__ABOUT THIS TASK__
Leaving out all pictures, give again each line exactly, from the start of the listing through the line that contains "Soldier 인스턴스를 초기화하는".

__TASK INPUT__
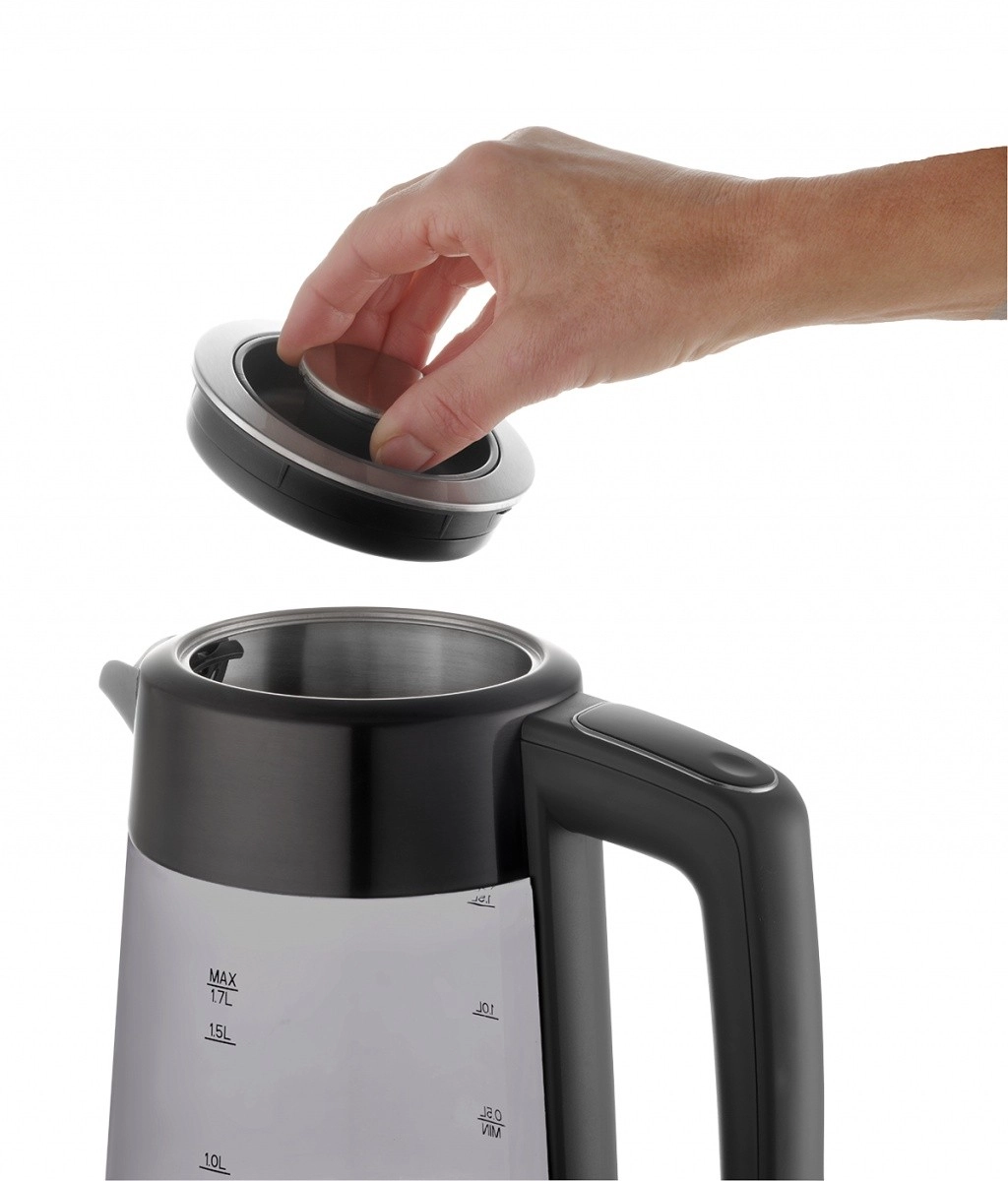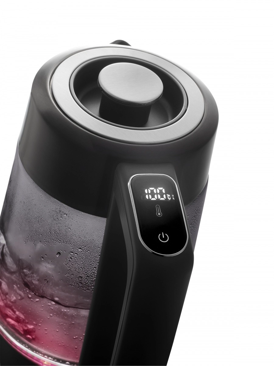 Le design moderne en verre fumé est agréablement complété par un éclairage coloré qui change en fonction de la température actuelle de l’eau. Le socle minimaliste sur lequel repose la bouilloire lui confère une touche d’élégance. Il est muni d’un rangement pour le câble, vous permettant d’ajuster sa longueur selon vos besoins.
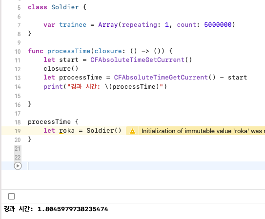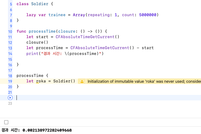 Soldier 인스턴스를 초기화하는 시간 차이가 극명하게 드러난다. trainee 프로퍼티가 시간이 오래 걸리는 연산을 하기 때문에 만약 지연 저장 프로퍼티로 만들지 않는다면 위 코드 처럼 trainee 프로퍼티를 당장 사용하지 않음에도 Soldier 인스턴스를 초기화 하는 시간 자체가 엄청 늘어나버리는 걸 확인할 수 있다. 이럴 때, 지연 저장 프로퍼티를 사용해줌으로써 효과적으로 대응할 수 있다.
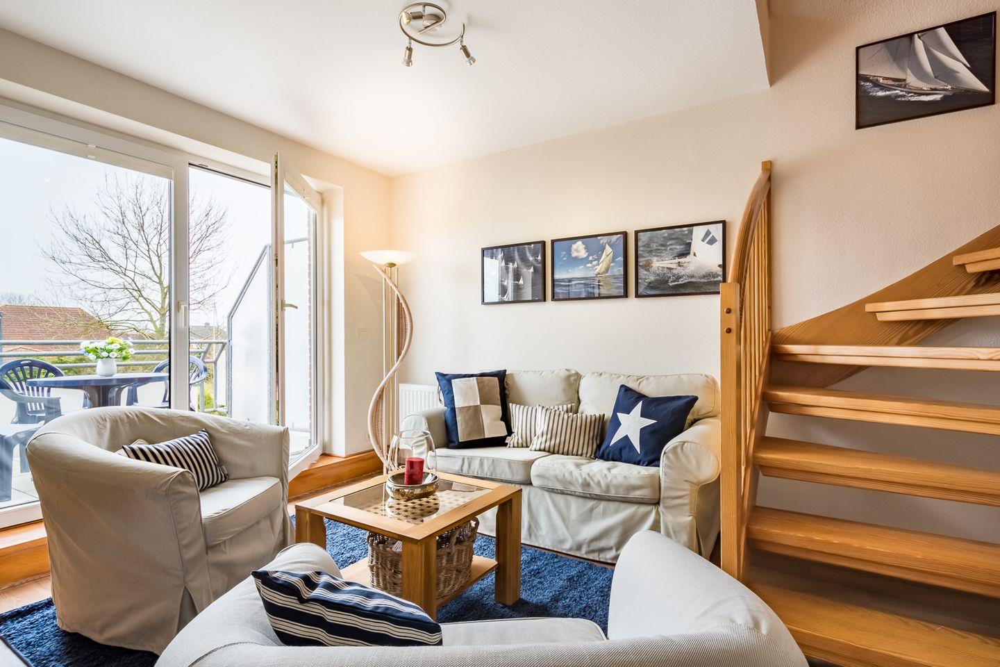 Die sich über 2 Etagen erstreckende Ferienwohnung ist modern eingerichtet und bietet Ihnen einen schönen Balkon und einiges an Komfort für einen erholsamen Urlaub!
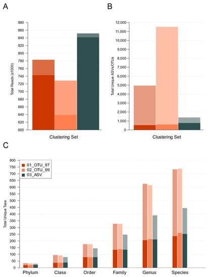 Despite having a smaller number of total reads than the ASV set, reads in both OTU sets were grouped into a larger collection of clusters, each bearing a different unique centroid sequence (Figure 2B), more noticeable in the 02_OTU_99 set. This was expected, as rising the clustering identity assigned sequences into less populated clusters, resulting in an overestimation of the actual diversity. Even differences of just a couple bases may produce additional separate OTUs, compared with the 97% identity set. On the contrary, the ASV sets had fewer clusters (Figure 2B, light bars), as was expected due to denoising, which has been suggested to be a more accurate measure of the actual diversity [18].
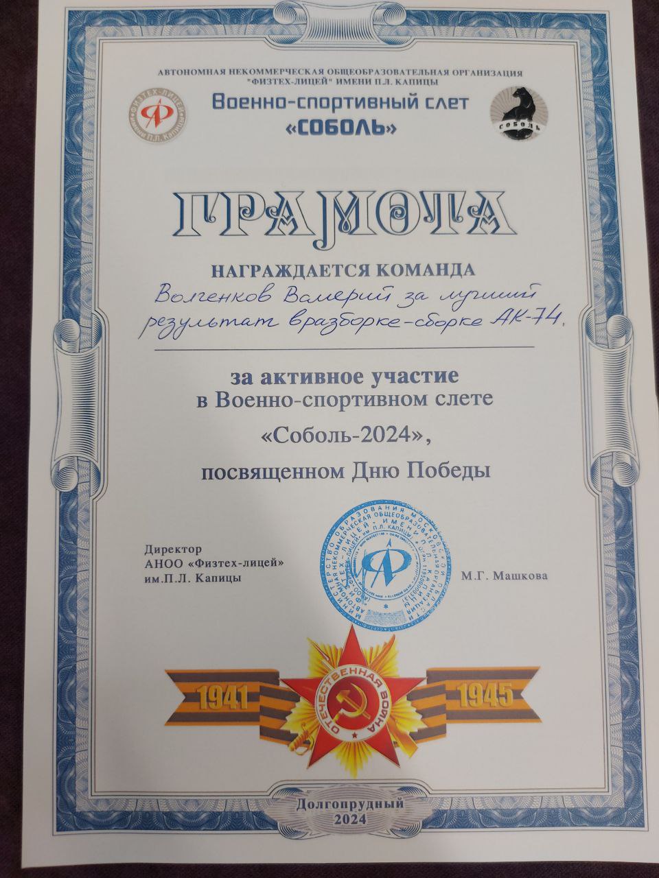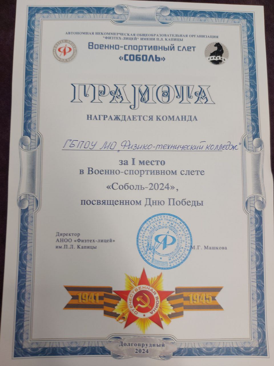 27 апреля в Технопарке Физтех-лицея им. П. Л. Капицы состоялся Военно-спортивный слет «Соболь-2024», посвященный Дню Победы!

__ANSWER AREA__
 Le design moderne en verre fumé est agréablement complété par un éclairage coloré qui change en fonction de la température actuelle de l’eau. Le socle minimaliste sur lequel repose la bouilloire lui confère une touche d’élégance. Il est muni d’un rangement pour le câble, vous permettant d’ajuster sa longueur selon vos besoins.
 Soldier 인스턴스를 초기화하는 시간 차이가 극명하게 드러난다. trainee 프로퍼티가 시간이 오래 걸리는 연산을 하기 때문에 만약 지연 저장 프로퍼티로 만들지 않는다면 위 코드 처럼 trainee 프로퍼티를 당장 사용하지 않음에도 Soldier 인스턴스를 초기화 하는 시간 자체가 엄청 늘어나버리는 걸 확인할 수 있다. 이럴 때, 지연 저장 프로퍼티를 사용해줌으로써 효과적으로 대응할 수 있다.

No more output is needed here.